Why is the Postfertile Longevity Exhibited by Humans so Unusual?

Humans are an unusually long-lived species when compared to other mammals of a similar size, and even in comparison to our near relative primates. Further, we exhibit an extended period of life following loss of fertility, a rare form of life history that is only observed in a few other species. The grandmother hypothesis is one of the possible explanations for the evolution of extended longevity without fertility; it is a selection effect based on the ability of older individuals to assist in the survival of their descendants. Given the existence of such a mechanism, however, why is it not more widespread?

Data on historical agricultural populations and modern hunter-gatherers show that these groups enjoy significant postfertile periods. Taking an evolutionary approach, the Grandmother Hypothesis proposes that this reproductive inactivity is in fact adaptive. With the sacrifice of continued reproduction, an individual may increase their inclusive fitness by decreasing the interbirth intervals of their offspring. The care that would otherwise be put into one's own children can now be put into weaned (and increasingly independent) grandchildren, allowing their own offspring to reproduce again sooner. Otherwise put, the cost of a reduced relatedness coefficient may be outweighed by an increase in total number of grandchildren resulting from the diverted care.

A valid objection to the Grandmother Hypothesis, however, is if grandmothering can result in a higher fitness, why are significant postfertile life stages so rare? Among vertebrates in the wild, only humans, Globicephala macrorhynchus (pilot whales) and Orcinus orca (resident killer whales), have a significant proportion of individuals with such a life history. In this study, we present a model to investigate this objection. Our model assumes only that individuals transition through various life stages and that there is an average time to conception and gestation. In one of those stages, individuals have the option to provide care for a certain number of their grandchildren thereby allowing their own offspring to reproduce again sooner.

By comparing inclusive fitnesses of individuals that provide intergenerational care with those that instead continue to reproduce into old age, we arrive at a necessary condition for grandmothering to be an evolutionarily stable strategy (ESS). This condition, or stability threshold, relates the number of grandchildren that care must be given to with the ratio of the length of the first two life stages. It tells us nothing about when or how grandmothering may arise initially in a population, but places restrictions on when it will persist. We then make the observation that if a grandmother is to provide care for even one set of grandchildren, their expected postfertile stage must be sufficiently long. More precisely, for grandmothering to be adaptive, it must be the case that postfertile life exceeds the time taken to raise a weaned child to independence. If this were not the case, grandmothers would not be able to shorten their offspring's time between births by caring for some infants themselves. In this way, we derive an eligibility threshold that tells us when grandmothering is a strategy with any possible evolutionary advantage. These eligibility and stability criteria must both be satisfied for grandmothering to evolve and then, most importantly for our purposes, to persist.
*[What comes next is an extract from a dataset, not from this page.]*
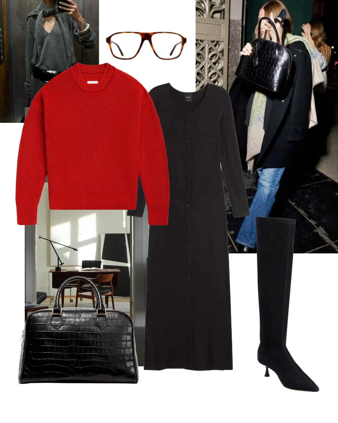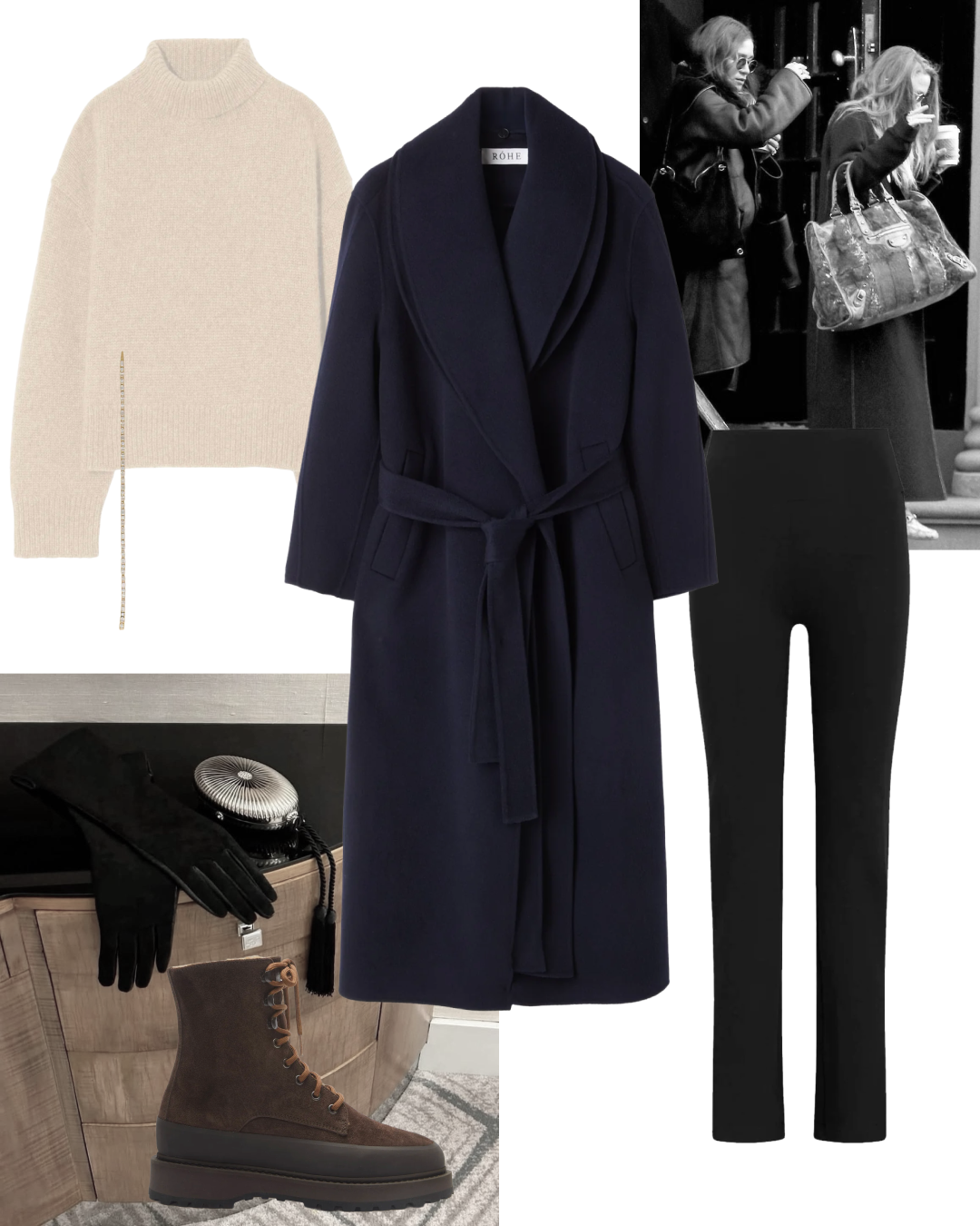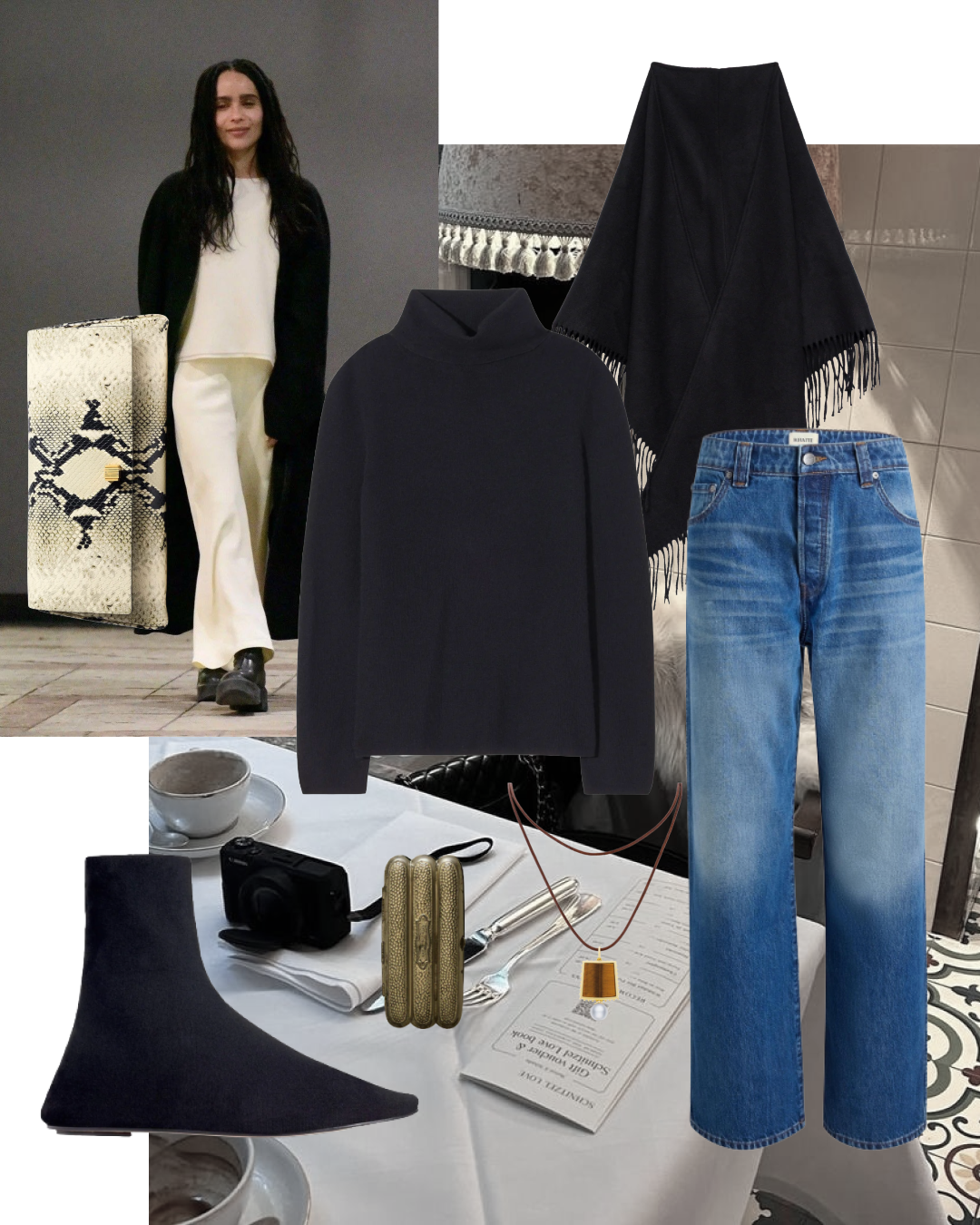 Winter denim matters more than summer denim because you wear it under coats, with boots, through long days. It needs to keep its shape and hold the line. The knit has to have structure (no collapsing necklines, no slouch that turns sleepy). Then you add one polished detail - bag, glove, ring - and suddenly the whole outfit reads as considered.

Our analyses show that there is conflict between the stability and eligibility thresholds. As it becomes increasingly easier to meet one of them, it becomes increasingly harder to fulfill the other and vice versa. This conflict is, at its core, a grandparent-grandoffspring conflict analogous to parent-offspring conflicts. The result of this is that there is a narrow range over which we should expect grandmothering to evolve and then to persist. In other words, we should in fact expect grandmothering to be rare.
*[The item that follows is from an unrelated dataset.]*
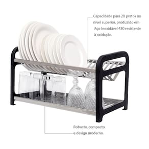 O Escorredor de Pratos Inox Preto com Porta Talheres é a opção perfeita para quem busca sofisticação e praticidade na hora de organizar a cozinha. Com capacidade para 20 pratos no nível superior, este escorredor é produzido em aço inoxidável 430 resistente à oxidação, garantindo maior durabilidade e evitando pontos de oxidação em ambientes agressivos, como regiões com maresia.
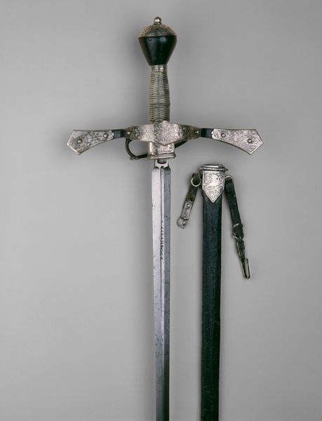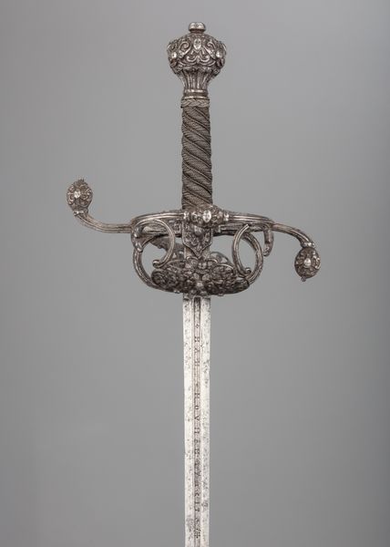This rapier and scabbard, made by Antonio Piccinino, is a study in contrasts: the stark, gleaming blade against the intricately worked, dark metal of the hilt. The eye is drawn to the hilt's complex geometry – a cage of swirling forms that both protect the hand and create a dynamic visual composition. The structure of the rapier transcends mere functionality; it embodies status. The meticulously detailed patterns on the pommel and guard, with their symbolic weight, speak to a culture steeped in heraldry and social stratification. But this weapon is not just about show. The elegant, tapering blade suggests a refined, lethal purpose. The rapier embodies a paradox: it is both an instrument of violence and a piece of carefully wrought art. Consider how the linear form of the blade, marked with precise inscriptions, contrasts with the ornate, almost baroque quality of the hilt. This interplay suggests a tension between order and chaos, control and passion, reflecting the complex mindset of the Renaissance warrior.

Link: https://dx.doi.org/10.1002/ece3.2958

Comments

I'm not too convinced by any of this. Why ask this particular question when a better alternative question is why do (human) females live longer than (human) males, but have a shorter reproductive span? You could then look at how the female reproductive system is more fragile than the male's and see how that varies across species. Any adaptation that extends lifespan would logically also extend reproductive span, so really all we are doing here is looking at the reasons why that link might break down in certain species. I find it a stretch that any species would have an adaptation to shorten an individuals reproductive span relative to its total lifespan.

Posted by: Mark at May 23rd, 2017 7:14 AM

Humans are quite unique in that childbirth is very dangerous, as human head sizes increased due to an intellectual arms race until they couldn't really get any bigger without putting the mothers at even more risk.

So it is entirely possible that the alegbra of not maintaining fertility in women and instead being a helpful non fertile grandmother is different for humans than almost all other species. Also consider that from at least a couple of million years ago humans have been the apex predator.

Posted by: Jim at May 24th, 2017 9:38 AM

The apex predator with the big head...but so damned stupid as to be in the process of destroying it's own home and other species that it co-habitates with?

Can't seem to control it's own reproductive rate.

Problem being that there is only 1 apex predator that's doing all the talking. The apparently really dumb one.

* this is not a personal attack...I'm "attacking" the whole brainless species with the really big head. LOL.